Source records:
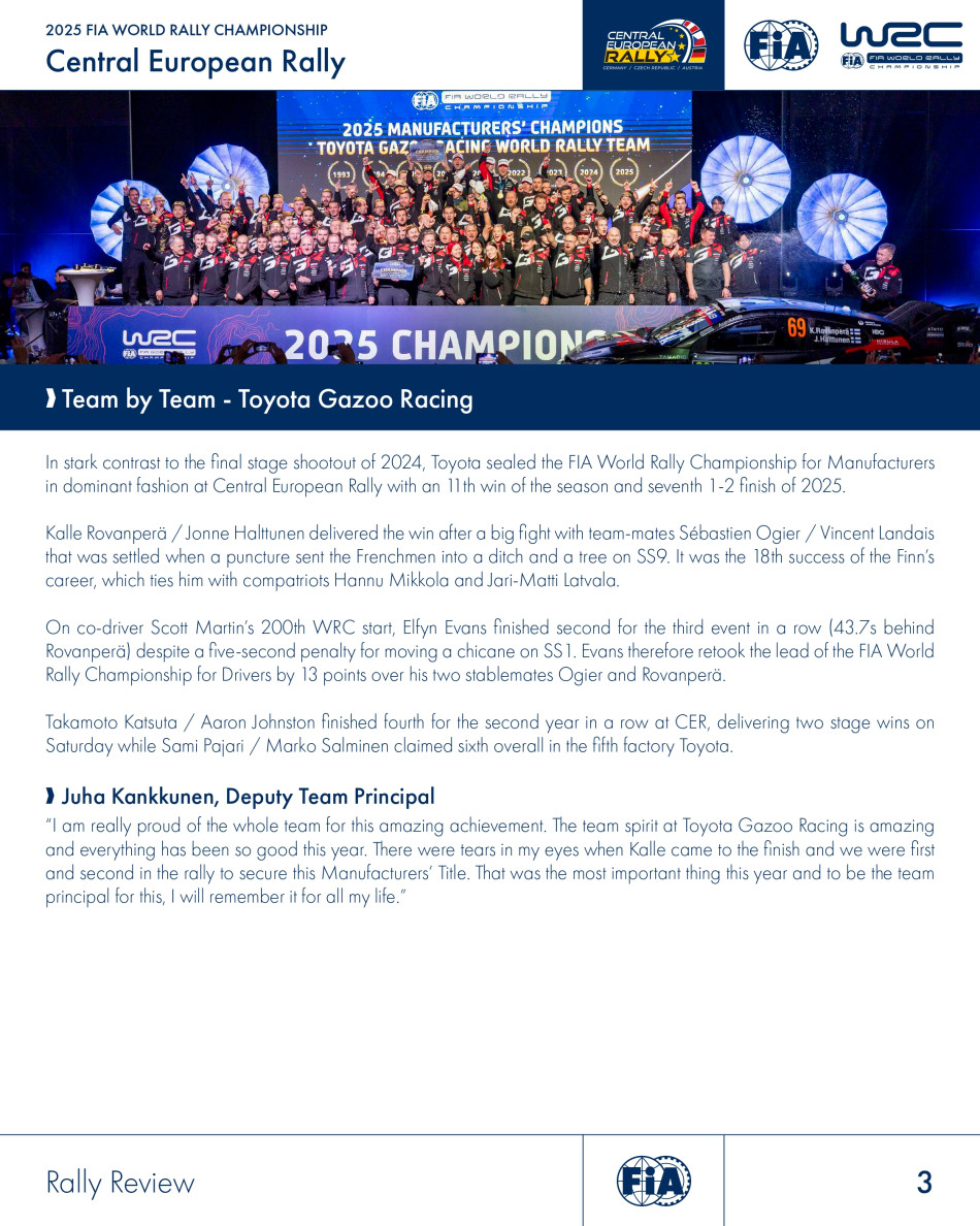 Kalle Rovanperä / Jonne Halttunen took a convincing third victory of the season at the Central European Rally as Toyota Gazoo Racing WRT claimed a fifth consecutive FIA World Rally Championship for Manufacturers with two rounds to spare
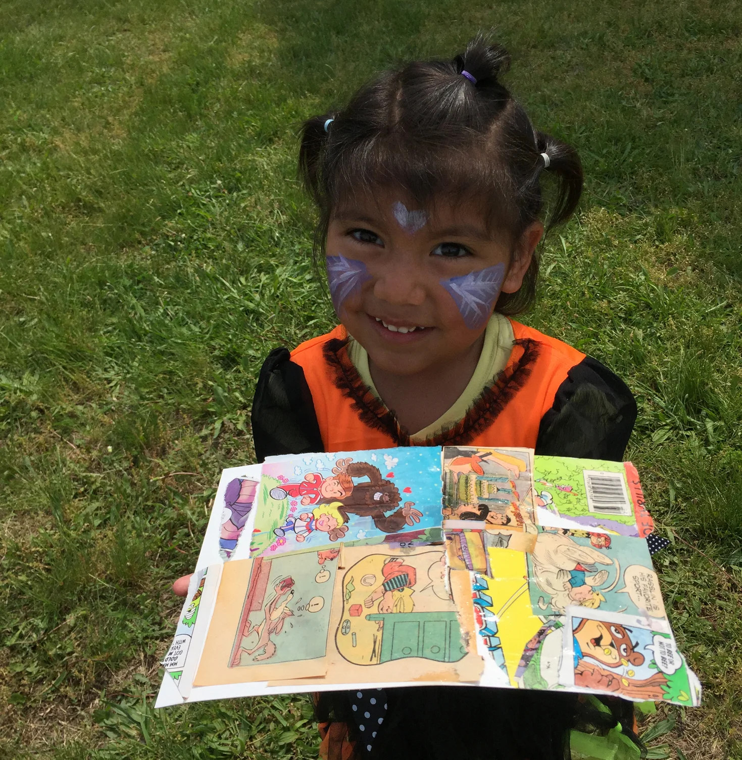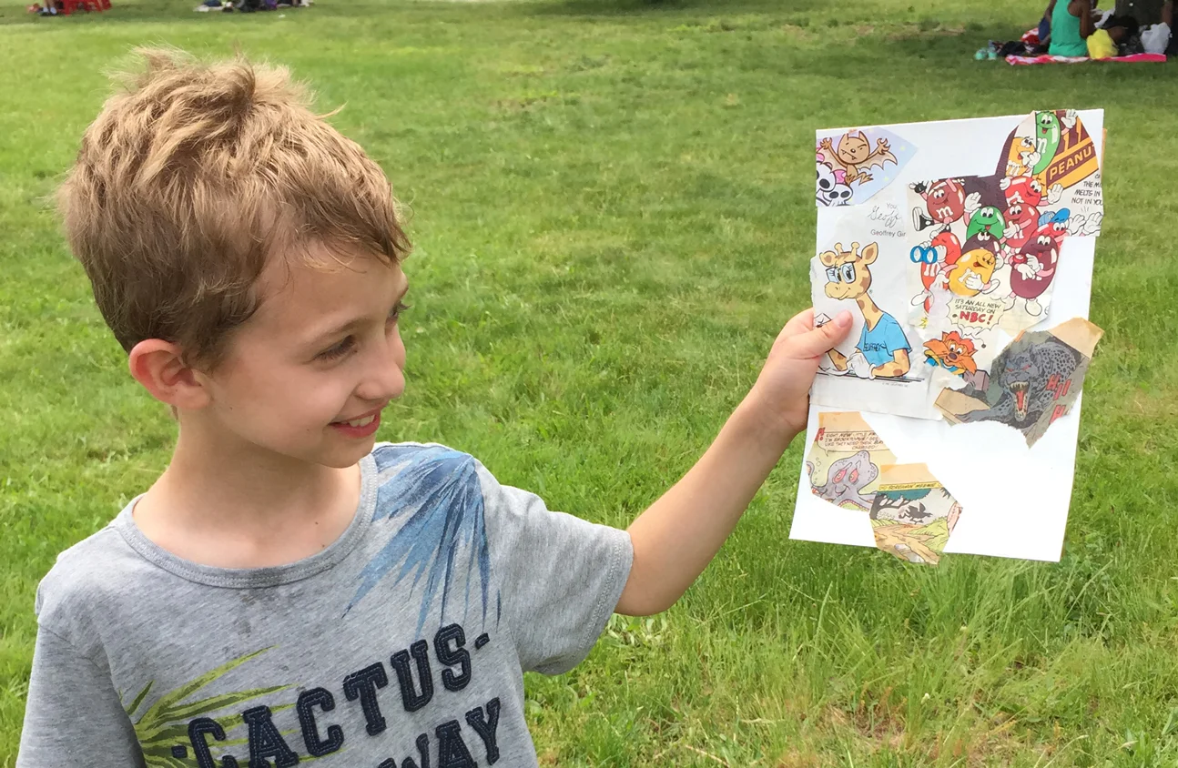 As stated on their website: "Figment’s goal is to advance social and personal transformation through creativity, in the form of free participatory arts events and exhibitions." The art workshop I created at Figment involved participants deconstructing comic books to developed collages of their own themes and stories. They rifled through the hundreds of comics I supplied, selecting the images and words that had an effect on them. Using non-toxic wheatpaste glue they adhered them to paper boards and either took them home or gifted them to others. The driving idea behind this art project was for children to use their abilities to select images in a predetermined narrative and then deconstruct these symbol systems into their own storytelling devices.
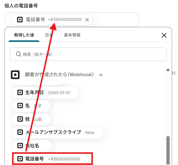 対応する値を変更または追加する場合は編集欄を選択し、「顧客が作成されたら(Webhook)」から、Squareで作成した顧客情報を選択して引用できます。
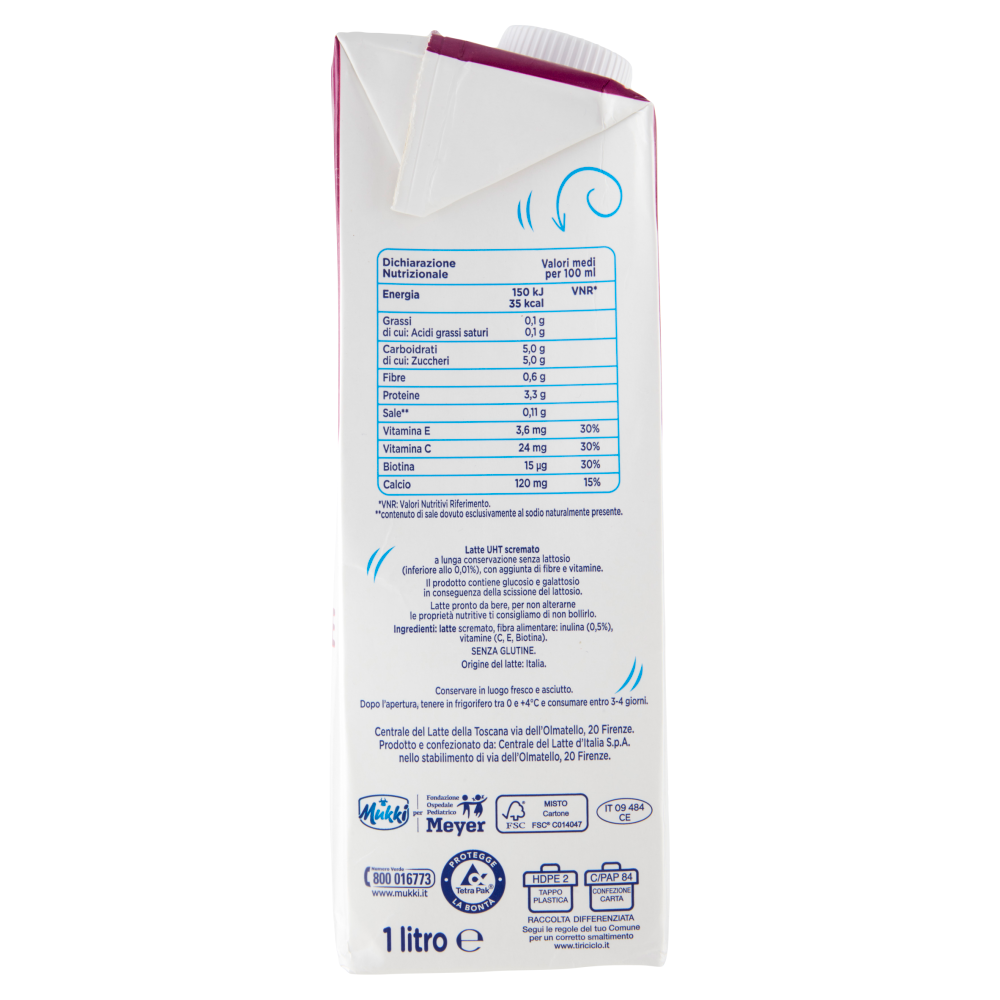 Senza glutineLatte UHT scremato a lunga conservazione senza lattosio (inferiore allo 0,01%), con aggiunta di fibre e vitamine
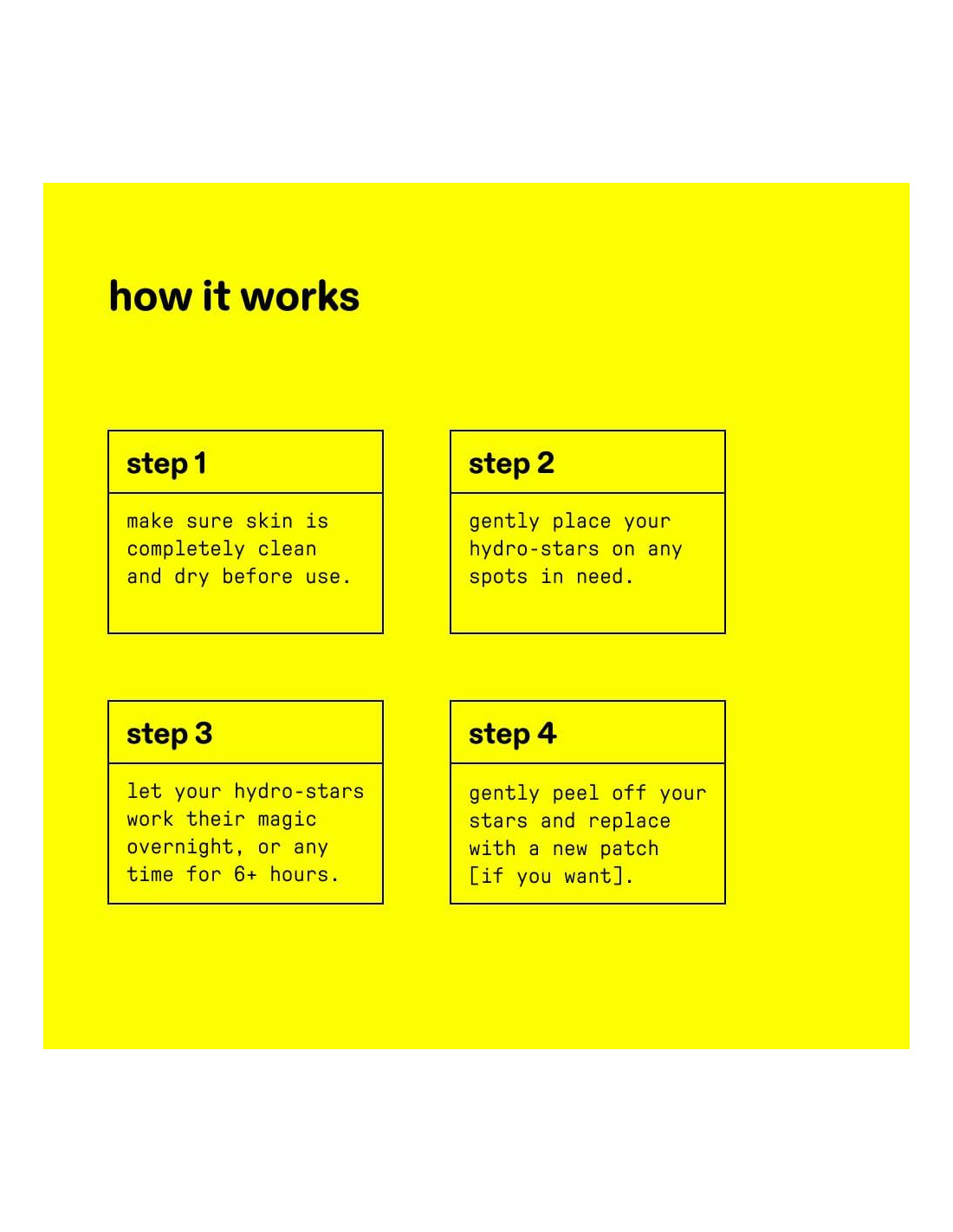 - A SINGLE INGREDIENT: Hydro-Stars solo tiene un ingrediente: hidrocoloide, una sustancia tomada de vendajes quirúrgicos que está clínicamente probada para mejorar la apariencia de las espinillas durante la noche.

◆ EXERCISE:
A word-for-word restatement of all the lines above is needed, with the pictures omitted.

◆ OUTPUT BELOW:
 Kalle Rovanperä / Jonne Halttunen took a convincing third victory of the season at the Central European Rally as Toyota Gazoo Racing WRT claimed a fifth consecutive FIA World Rally Championship for Manufacturers with two rounds to spare
 As stated on their website: "Figment’s goal is to advance social and personal transformation through creativity, in the form of free participatory arts events and exhibitions." The art workshop I created at Figment involved participants deconstructing comic books to developed collages of their own themes and stories. They rifled through the hundreds of comics I supplied, selecting the images and words that had an effect on them. Using non-toxic wheatpaste glue they adhered them to paper boards and either took them home or gifted them to others. The driving idea behind this art project was for children to use their abilities to select images in a predetermined narrative and then deconstruct these symbol systems into their own storytelling devices.
 対応する値を変更または追加する場合は編集欄を選択し、「顧客が作成されたら(Webhook)」から、Squareで作成した顧客情報を選択して引用できます。
 Senza glutineLatte UHT scremato a lunga conservazione senza lattosio (inferiore allo 0,01%), con aggiunta di fibre e vitamine
 - A SINGLE INGREDIENT: Hydro-Stars solo tiene un ingrediente: hidrocoloide, una sustancia tomada de vendajes quirúrgicos que está clínicamente probada para mejorar la apariencia de las espinillas durante la noche.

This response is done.